The Mongolian PneuCAPTIVE study is embedded within a hospital-based paediatric pneumonia surveillance program to determine vaccine impact, which is conducted in partnership between the Murdoch Children’s Research Institute (MCRI), WHO and the Mongolian Ministry of Health. PCV13 was introduced in June 2016, using a modified 2+1 schedule at 2, 4 and 9 months of age, within the two ‘Phase 1’ districts within Ulaanbaatar, the capital of Mongolia as part of a phased introduction (table 1), with a catch-up programme of two doses 1 month apart for those up to 24 months of age. We are recruiting cases, residing in the two phase 1 districts, at the two district hospitals and the tertiary referral paediatric hospital for Mongolia, the Maternal and Child Hospital.

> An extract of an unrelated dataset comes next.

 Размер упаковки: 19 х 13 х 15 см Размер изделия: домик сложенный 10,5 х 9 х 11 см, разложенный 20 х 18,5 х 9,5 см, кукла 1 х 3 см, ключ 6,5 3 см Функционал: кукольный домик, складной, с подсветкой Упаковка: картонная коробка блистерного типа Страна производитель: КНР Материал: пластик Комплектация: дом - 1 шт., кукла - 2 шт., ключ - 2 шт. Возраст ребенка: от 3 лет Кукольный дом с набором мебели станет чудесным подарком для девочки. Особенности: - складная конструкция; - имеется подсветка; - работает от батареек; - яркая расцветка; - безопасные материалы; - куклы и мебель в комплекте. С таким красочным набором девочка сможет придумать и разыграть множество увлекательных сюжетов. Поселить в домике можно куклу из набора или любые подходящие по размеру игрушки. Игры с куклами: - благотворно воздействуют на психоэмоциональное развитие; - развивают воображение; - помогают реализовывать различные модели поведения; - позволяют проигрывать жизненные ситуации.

Sampling started November 2015.
The PNG PneuCAPTIVE study represents a collaboration between the PNG Institute of Medical Research, Telethon Kids Institute, the University of Western Australia and MCRI. It is an extension of a pneumonia aetiology study that commenced in 2013.26 PCV13 was introduced to PNG in October 2014 using a 3+0 schedule at 1, 2 and 3 months of age (table 1); however, it was not widely distributed in the Eastern Highlands Province until late 2015. We are recruiting cases at the Eastern Highlands Provincial Hospital, the major referral hospital for the Eastern Highland Province, as well as nearby clinics in Goroka, the capital of the Eastern Highlands Province. Recruitment started April 2016. In PNG, we are also recruiting caregivers, as well as contacts, defined as children 0–59 months of age, who have slept in the same house as or played with the case during the preceding 3 weeks. This will enable us to determine whether changes in patterns of VT pneumococcal carriage in the hospitalised cases are reflective of changes within the community, as well as to examine indirect effects in the adult age group.

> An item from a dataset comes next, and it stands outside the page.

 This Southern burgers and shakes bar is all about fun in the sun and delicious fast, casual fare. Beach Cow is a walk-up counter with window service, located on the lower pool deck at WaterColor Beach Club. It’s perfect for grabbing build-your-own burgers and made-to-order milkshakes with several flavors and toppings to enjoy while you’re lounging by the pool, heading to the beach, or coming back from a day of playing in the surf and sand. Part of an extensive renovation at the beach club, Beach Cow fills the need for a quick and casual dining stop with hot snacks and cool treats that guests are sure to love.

Case recruitment and data collection
Participant recruitment and data collection are consistent across the three sites; however, there are some local adaptations to the protocol at each site, which are summarised in table 2. These adaptations are due to the PneuCAPTIVE study being nested within other existing studies, described above.

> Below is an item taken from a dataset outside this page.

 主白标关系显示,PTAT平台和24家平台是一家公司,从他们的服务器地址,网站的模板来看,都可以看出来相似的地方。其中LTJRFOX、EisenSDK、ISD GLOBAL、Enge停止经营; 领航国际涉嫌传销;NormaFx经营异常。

Cases are eligible for inclusion in the PneuCAPTIVE study if they are 2–59 months of age and presenting with ARI (defined in table 2 below). All cases with fever or respiratory symptoms are screened for inclusion. In Mongolia, we are restricting recruitment to patients living within the two ‘Phase 1’ districts that have commenced PCV13 in 2016. In PNG, we are restricting recruitment to patients living within 1 hour of the town as follow-up is logistically challenging.
Regarding recruitment, in Lao PDR, study staff are screening potential recruits from Monday to Friday each week. However, they are obtaining clinical information from medical records for all eligible cases, including those admitted at weekends to ensure we have a representative sample. In Mongolia, caregivers of all eligible children presenting to the hospital will be approached for recruitment as part of the larger PCV impact study. However, for the purposes of this study, we will select a random sample of 33 cases per month for microbiological testing. In PNG recruitment takes place 4–5 days per week.
After determining eligibility and obtaining informed parental consent, we complete a questionnaire to obtain: demographic data, clinical data, PCV13 status and risk factors for vaccination and NP carriage, including prior antibiotic use (see analysis section below for complete list). Vaccination status is determined using written records, either parent-held immunisation records or health centre administrative records.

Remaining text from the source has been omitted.